Limitations of Prior Work: (1) Budgets for collecting human-annotated evaluation data are limited—increasing the number of annotators \(K\) per sample substantially raises per-item annotation costs; (2) most ML evaluations use majority voting or a single annotation as the ground truth, entirely discarding inter-annotator disagreement information; (3) systematic guidance is lacking to help practitioners decide how to allocate budgets between "more samples" and "more annotators per sample."

Key Challenge: Under a fixed budget, there is a fundamental trade-off between increasing the number of samples \(N\) (broader coverage but fewer annotations per item) and increasing the number of annotators \(K\) per item (more reliable labels but narrower coverage).
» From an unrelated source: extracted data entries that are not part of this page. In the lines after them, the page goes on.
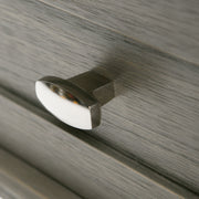 - Transitional design features brushed knob, square tapered legs and square edged table top
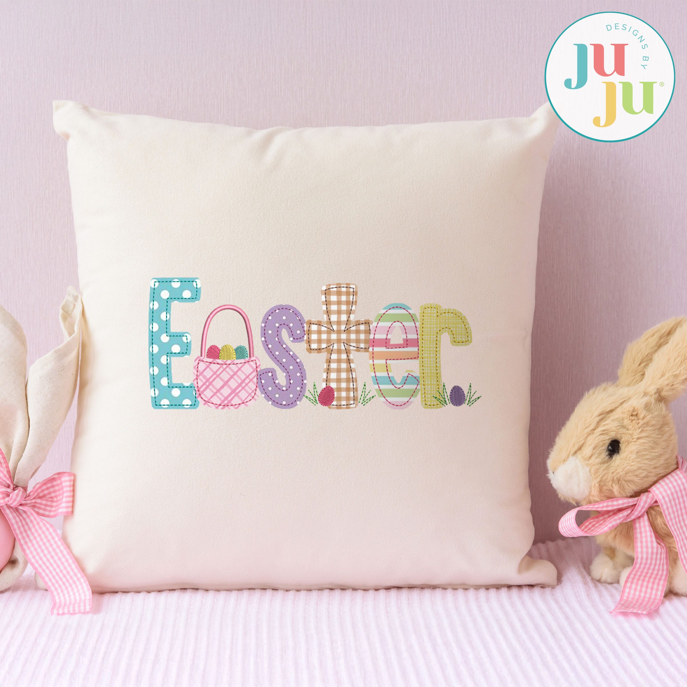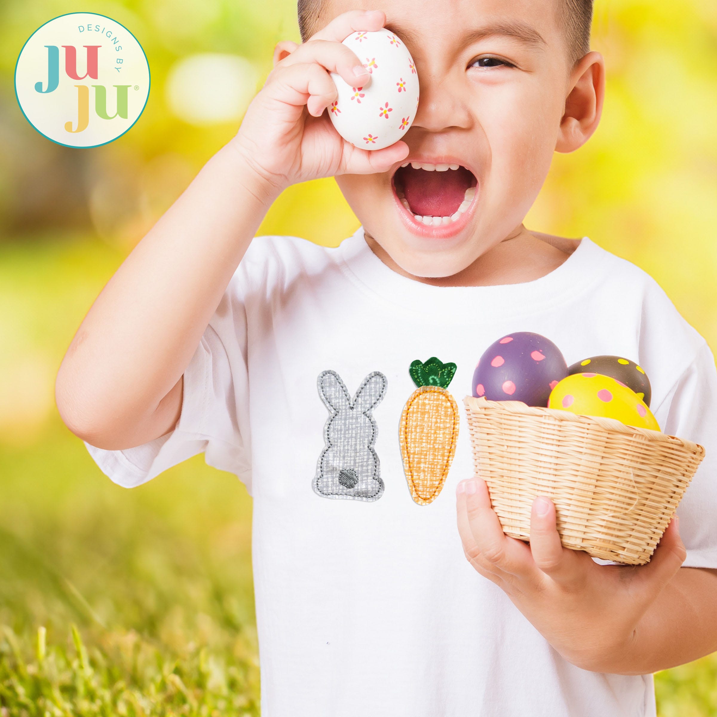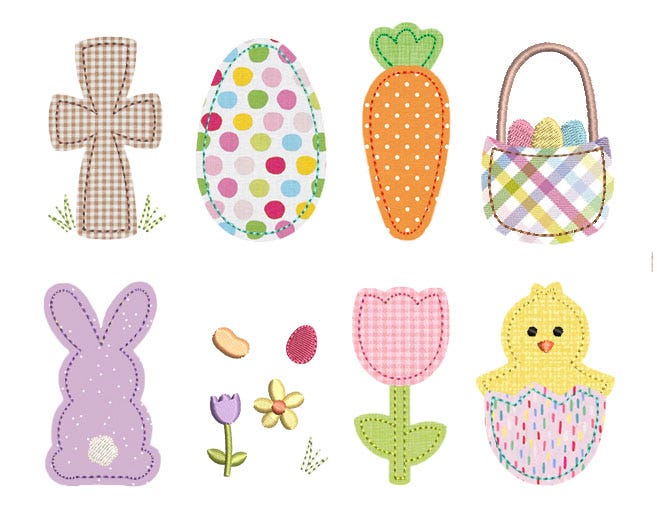 Easter Kit includes 7 appliques (basket, bunny carrot, chick, cross, egg, tulip) and 5 embroidery-only accents (mini daisy, mini egg, mini grass, mini jelly bean, mini tulip).
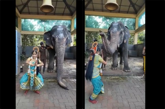 आनंद महिंद्रा ने ट्वीट कर लिखा श्री दुर्गापरमेश्वरी मंदिर, कतील, कर्नाटक। विस्मयकारी। और मुझे लगता है कि टेंपल एलिफेंट हम सभी को नए साल की शुभकामनाएं दे रहा है! अब तक इस वीडियो पर करीब 29.4k लाइक हो चुके हैं। 1.1 मिलियन लोग इसे देख चुके हैं। इसके अलावा 3 हजार लोग इसे रिट्वीट कर चुके हैं। 500 से अधिक लोगों ने कमेंट किया है। नेटिजन्स गजराज को नमन कर लड़की के सुंदर नृत्य की तारीफ कर रहे हैं। वीडियो में लड़की नाक में नथ, पैरों में पाजेब पहले पारंपरिक वेशभूषा में नृत्य करती दिख रही है।

Prior intuition has favored maximizing \(N\), which neglects the noise introduced by annotator disagreement.

Goal: (1) Systematically study the \((N, K)\) trade-off; (2) identify optimal \((N, K)\) configurations under different evaluation metrics; (3) provide practical guidance to help ML practitioners optimize evaluation budget allocation.

Key Insight: The authors analyze multiple real-world multi-annotator datasets and simulated distributions fitted to these datasets, systematically exploring the optimal \((N, K)\) for the core task of reliably comparing the performance of two ML models.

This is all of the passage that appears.